# ADAMS Senior Set



## broken tee (Jan 13, 2008)

I'm impressed with the improvment these clubs Have done for my game. Anyone else having the same or different experience? My drives are 50 yards longer I'm hitting fairway woods where I couldn't before, hybid irons I'm hitting accuracy lacks I'm coming out of traps better, putting varies.


----------



## Surtees (Sep 11, 2007)

come on bob can we get a little bit more of a review. Do you have a full set or just irons? Has your distance improved? how is your accuracy? How is your games comparing between these clubs and you old clubs?

Luke


----------



## allen319 (May 6, 2008)

I am considering an adams set. Which model did you get and why senior vs standard?


----------



## broken tee (Jan 13, 2008)

allen319 said:


> I am considering an adams set. Which model did you get and why senior vs standard?

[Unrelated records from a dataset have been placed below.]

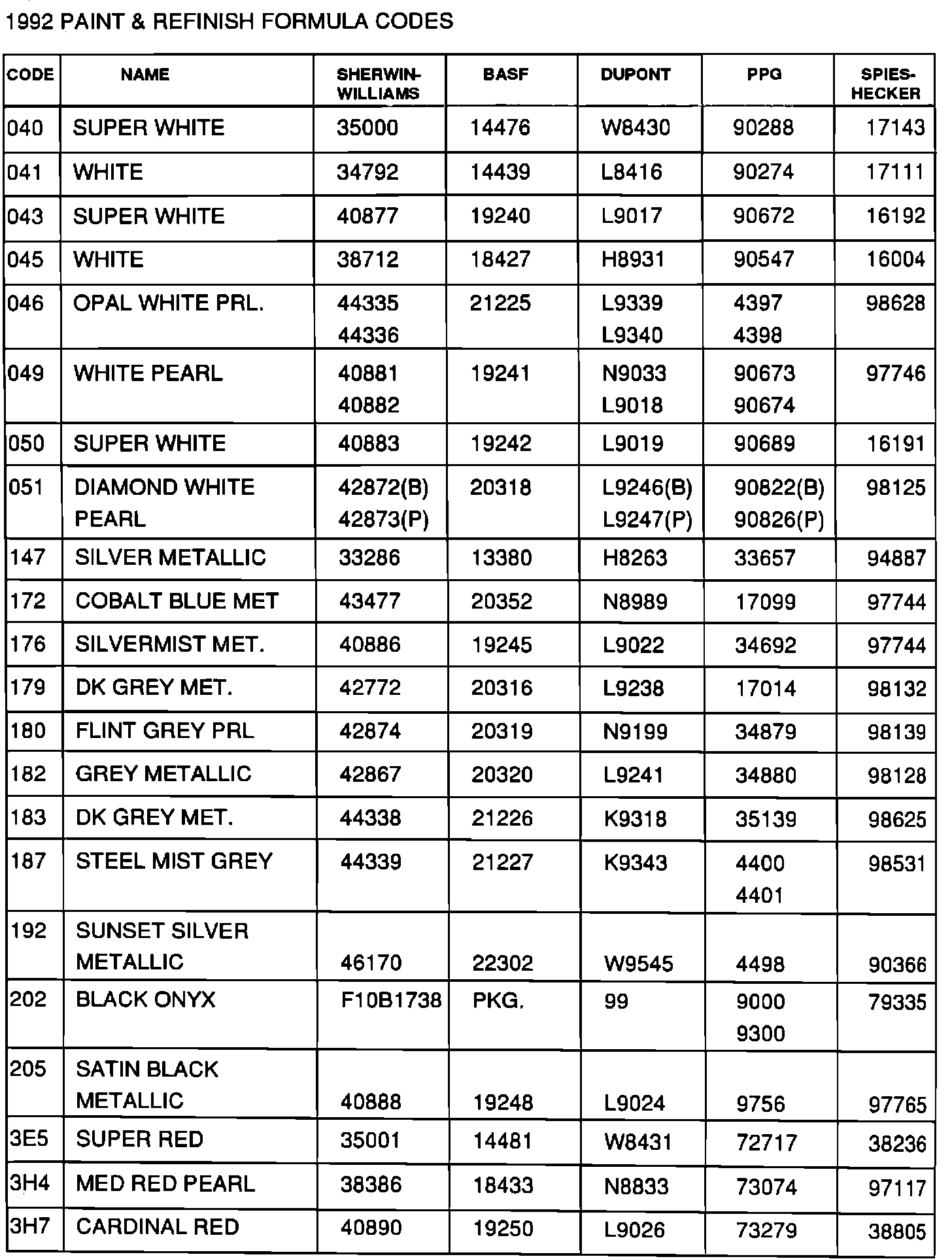 1992 PAINT & REFINISH FORMULA CODES
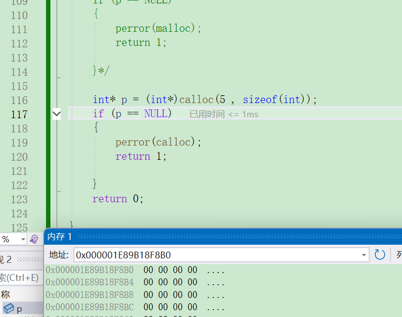 cpp#include<stdlib.h> int main() { int* p = (int*)malloc(20); if (p == NULL) { perror("malloc"); return 1; } int i = 0; for (i = 0; i < 5; i++) { *(p + i) = i + 1; } return 0; }
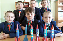 Гулять сегодня некогда,Мы заняты другим:Бумажные ракетыМы дружно мастерим.Четвероклассники смастерили макеты ракет. (учитель Еферова Л.А.) -
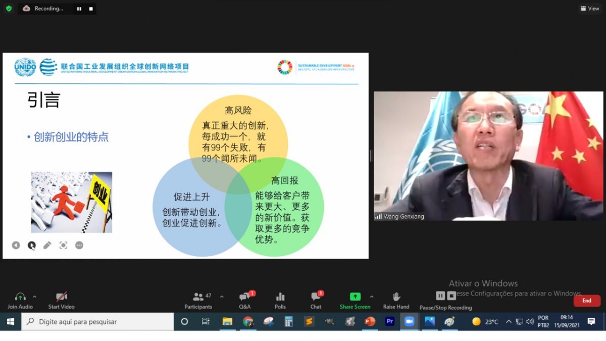 No segundo dia do Seminário, o Sr. Wang Genxiang – Diretor Unido Global Innovation Network Project Shanghai Global Science & Technology Innovation Centre-, abordou o tema “Políticas e Medidas do Governo Chinês de Incentivo ao Empreendedorismo e Inovação”, abordando as principais políticas de incentivo ao empreendedorismo e inovação do governo chinês.

I went with the complete set of Adams A20S, based on the reviews. I read they were designed for the type of hitter I am and age (59). I am not a long ball hitter due to an injury of the shoulder. they are a little more forgiving, which is true. I was not hitting fairway shots, just dribble on the ground, but now I'm hitting down range quite well. My iron shots have improve enormously. putting still plagues me. over all they have improved my hitting ability and knocked off six strokes on a bad day. Now I tried the A3's and did not feel the difference so I went $100 less on the current set. I like them, but I will not reccomend them to you, because they are like a pretty girl what is pretty to me may not be pretty to you. let me know what you decide. I might be able to beat a moderator in Miami and Montreal if my wife would let me go.


----------